А они ждали совсем иного: толпы ликующих освобожденных негров, баррикады, песни, стрельба, похожая на фейерверки четвертого июля, свобода или смерть…

Не много он требовал: три часа в день учиться. Остальное время девай куда хочешь.

Часто по вечерам его волонтеры сидели вместе, рассказывали о себе, по многу раз повторяясь, мечтали вслух, спорили. О чем они только не спорили! Например: кто возродит умерший дух революции? можно ли злом победить зло? что нужнее — газеты и речи или пушки и ружья? Друзья-квакеры, часто приходившие в гости, настаивали на своей правде — только мирное, ненасильственное сопротивление принесет добрые плоды; не внезапно, не сразу, но зато долговечно. А квакеры уже больше сделали для негров, чем каждый из них. Но молодые вояки возражали: рабовладельцы мирно ничего не уступят, хочешь не хочешь, а сражаться придется.

Оуэн Браун записывал тогда в дневник: «Снежный вечер, горячо спорим о нынешних неверных военных теориях, о нравственном праве убивать тех, кто насильственно обращает в рабство близких, кто с готовностью отнимает жизнь угнетенных для того, чтобы продлить зло, распространить зло и на потомство…»

Стивенс редко участвовал в таких спорах. Во время рейда в Миссури, когда вывели одиннадцать человек из неволи, это он, Стивенс, убил рабовладельца.
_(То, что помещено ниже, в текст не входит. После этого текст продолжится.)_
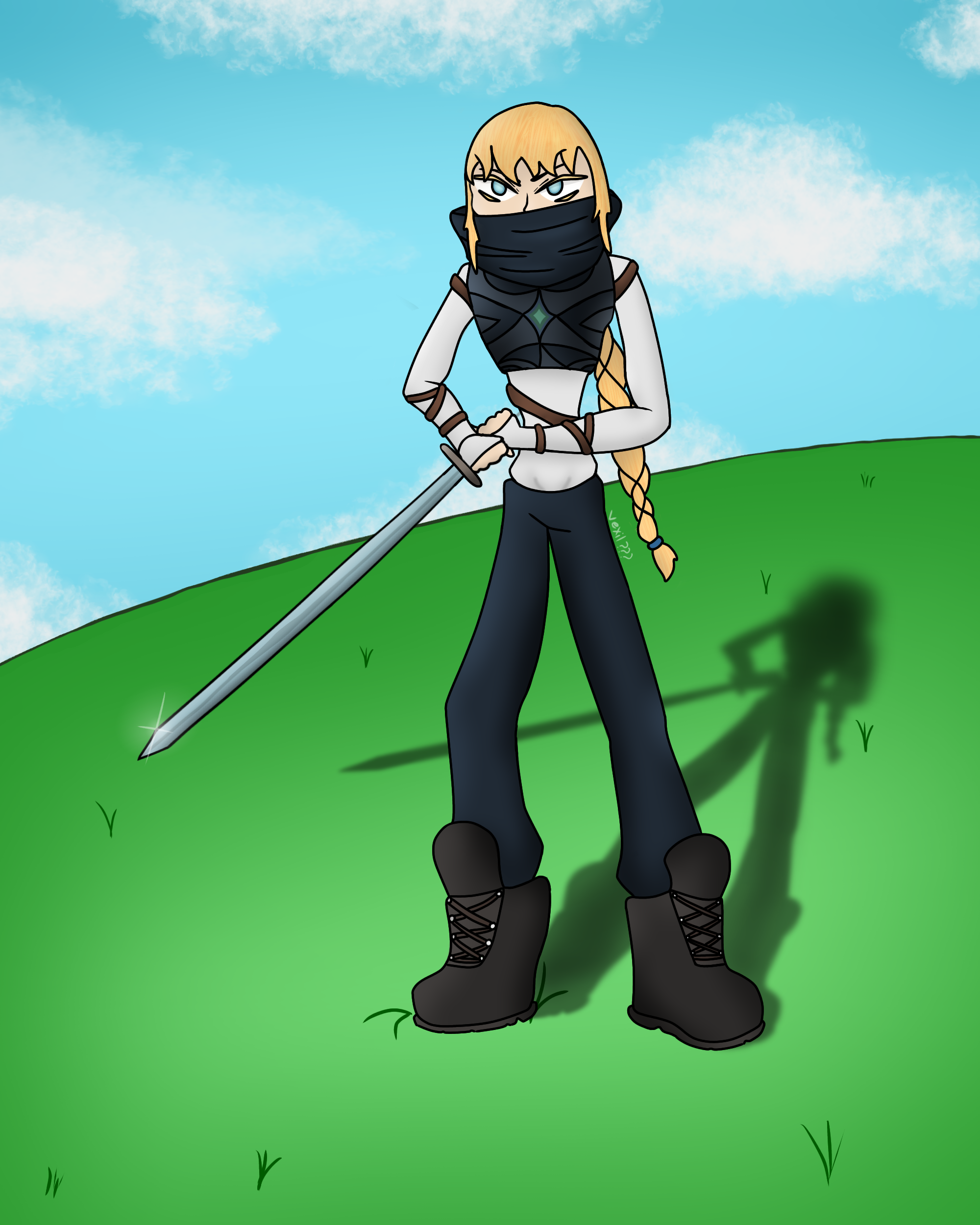 Vwula in a field, sword in hand

Убил, не колеблясь, но вспоминать об этом не хотелось.

Подчас царило очень приподнятое настроение, когда мечтали: ведь придет же время, и рабство в Америке станет далеким прошлым. И произойдет эта великая перемена при их участии, это им выпала на долю великая честь — начать…
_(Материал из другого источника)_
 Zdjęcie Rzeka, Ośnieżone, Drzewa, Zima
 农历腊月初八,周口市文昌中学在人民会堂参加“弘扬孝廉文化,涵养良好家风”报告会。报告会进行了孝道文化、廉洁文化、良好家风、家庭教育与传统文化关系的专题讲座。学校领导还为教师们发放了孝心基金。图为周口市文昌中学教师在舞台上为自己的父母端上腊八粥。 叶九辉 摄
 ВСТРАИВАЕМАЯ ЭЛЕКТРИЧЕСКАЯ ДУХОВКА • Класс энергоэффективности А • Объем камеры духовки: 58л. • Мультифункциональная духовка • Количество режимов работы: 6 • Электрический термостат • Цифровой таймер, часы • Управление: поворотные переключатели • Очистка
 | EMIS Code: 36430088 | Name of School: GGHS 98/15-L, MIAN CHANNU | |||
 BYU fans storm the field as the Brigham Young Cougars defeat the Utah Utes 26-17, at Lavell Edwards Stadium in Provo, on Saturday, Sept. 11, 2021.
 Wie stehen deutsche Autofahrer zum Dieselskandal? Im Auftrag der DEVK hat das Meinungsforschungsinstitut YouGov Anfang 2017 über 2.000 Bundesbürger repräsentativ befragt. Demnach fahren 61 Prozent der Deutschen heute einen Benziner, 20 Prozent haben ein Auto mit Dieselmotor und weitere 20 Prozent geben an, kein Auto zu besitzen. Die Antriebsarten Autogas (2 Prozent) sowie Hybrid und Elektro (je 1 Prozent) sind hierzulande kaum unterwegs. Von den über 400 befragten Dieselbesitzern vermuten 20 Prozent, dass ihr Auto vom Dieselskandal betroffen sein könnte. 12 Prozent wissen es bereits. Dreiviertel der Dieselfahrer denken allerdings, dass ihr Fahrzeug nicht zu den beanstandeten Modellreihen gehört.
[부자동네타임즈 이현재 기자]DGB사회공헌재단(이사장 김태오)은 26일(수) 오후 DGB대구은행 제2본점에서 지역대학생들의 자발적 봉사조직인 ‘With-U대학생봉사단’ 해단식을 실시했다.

Один из колонистов Спрингдейла, Джерри Андерсон, писал брату: «Мы живем в век чудес. Не удивляйся, если ты обо мне услышишь, узнаешь, что я окажусь совсем в другом месте… Наша теория нова, но она, безусловно, хороша, практична, проста и вполне безопасна. Но когда эта теория воплотится в жизнь, мы, пожалуй, поразим весь мир, все человечество…»
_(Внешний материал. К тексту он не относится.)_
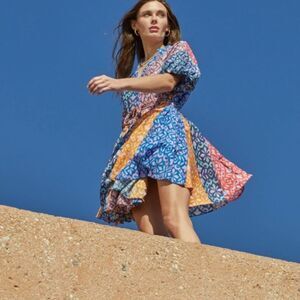 XiRENA dress, Fiesta Lenna dress, ikat print mini dress, silk blend summer dress, boho chic dress, resort wear, vacation style, festival fashion, colorful mini dress, puff sleeve dress, airy cotton silk dress, designer bohemian dress, casual chic outfit, statement print dress, luxury resort wear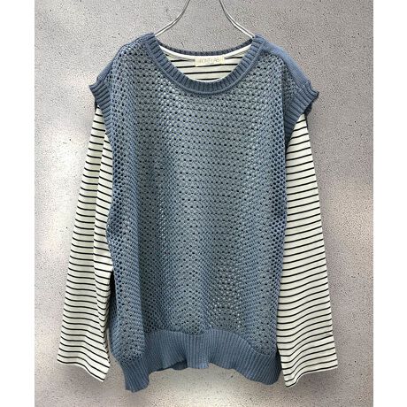 メッシュ編みのニットベストと、ボーダーカットソーを組み合わせたセットアイテム。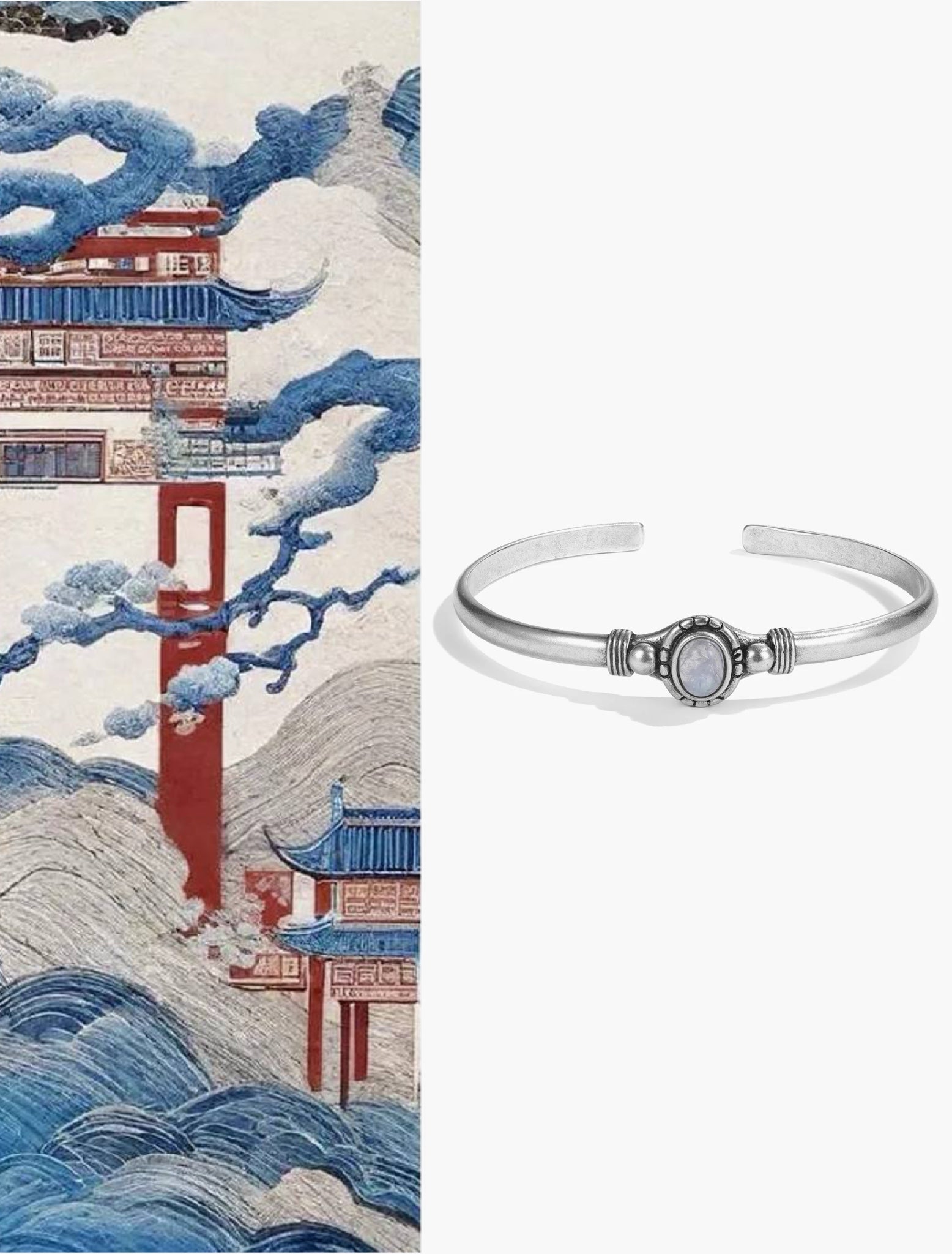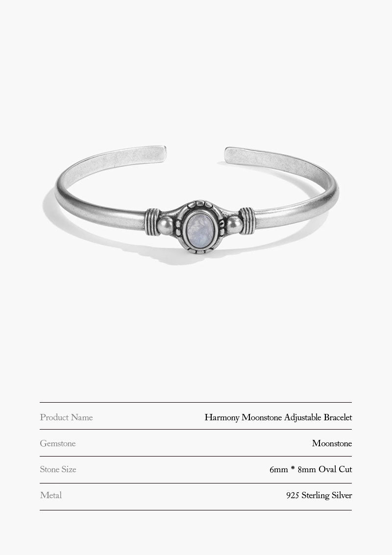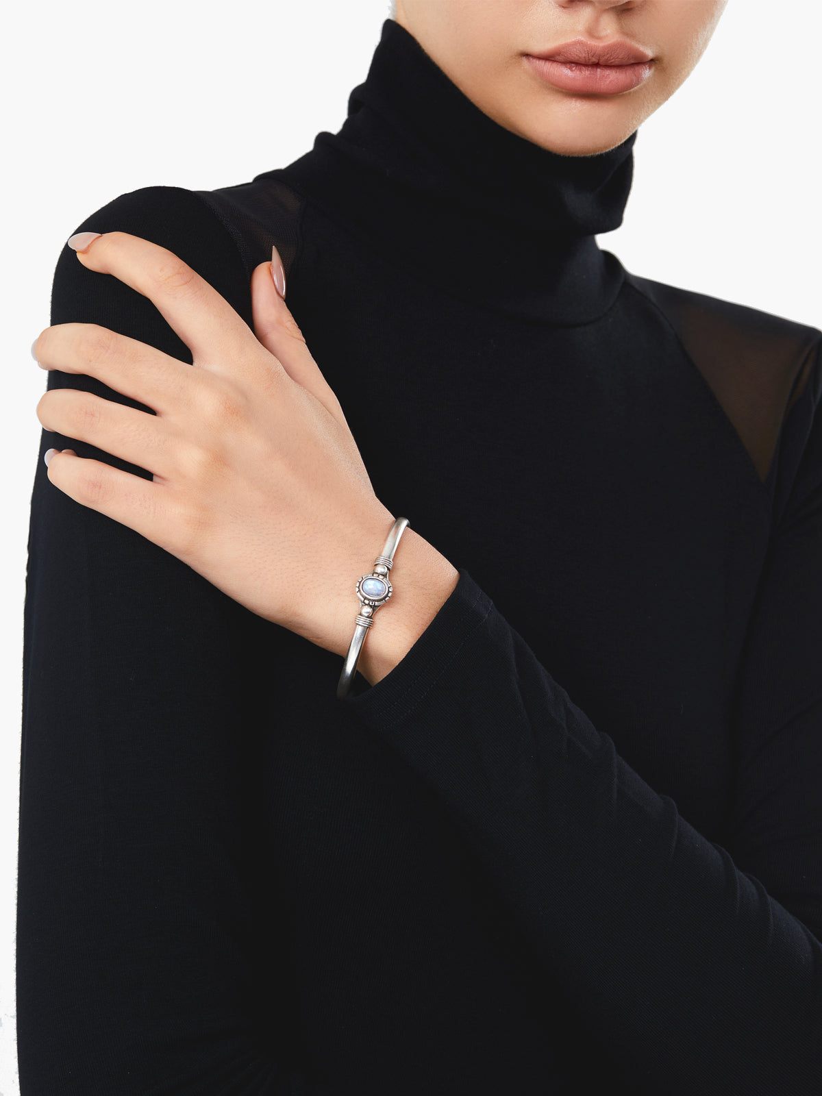 This sterling silver moonstone bracelet is the perfect blend of elegance and tranquility. The smooth silver band is beautifully complemented by the oval moonstone at the center, giving it a sleek and timeless design. The moonstone's soft glow promotes balance and calm, making it ideal for daily wear. It feels like wearing a piece of peace on my wrist.

Битва в Харперс-Ферри доказала: учились они не так уж плохо. Впрочем, что сейчас об этом думать… Кто уже мертв, а кто в соседних камерах ждет смерти.

Тогда, в часы занятий, Стивенс выходил из себя. Ему казалось, его парни беспомощней новорожденных телят. Он не умел объяснить толком. Стрелял он сам прекрасно, только Куку уступал, а наставлял нетерпеливо, нервно, раздраженно. Раздражены они все были долгим ожиданием. Готовились, готовились — и вдруг…

В начале июня пятьдесят восьмого года собрались, как обычно, к ужину. Старик вернулся злющий, даже по стуку подков слышно, что скачет сердитый. Лошадь велел накормить, а сам не стал есть. Сел боком к столу.

— Парни, главное наше дело решено отложить. На год.

— Кем это решено? Что мы, рабы, что ли? Какие еще хозяева выискались?

Браун стукнул сильно по столу. Злится, а на них срывает. Стал рассказывать: о предательстве Форбса кое-что они слышали и раньше. Ведь поначалу это именно Форбс, опытный военный, участник отряда Гарибальди, должен был их всему учить. Браун ему поверил. И Стивенсу он поправился — деловой, подтянутый.

Форбс оказался подлецом, предупредил власти. Придется переждать не меньше года. Нет другого выхода. Ведь ударить необходимо наверняка.

— Вы люди молодые, вы должны учиться ждать. Терпение — этому, быть может, труднее всего выучиться. Я ждал двадцать лет. Как вы думаете, легко ли мне, ведь я даже не знаю, доживу ли.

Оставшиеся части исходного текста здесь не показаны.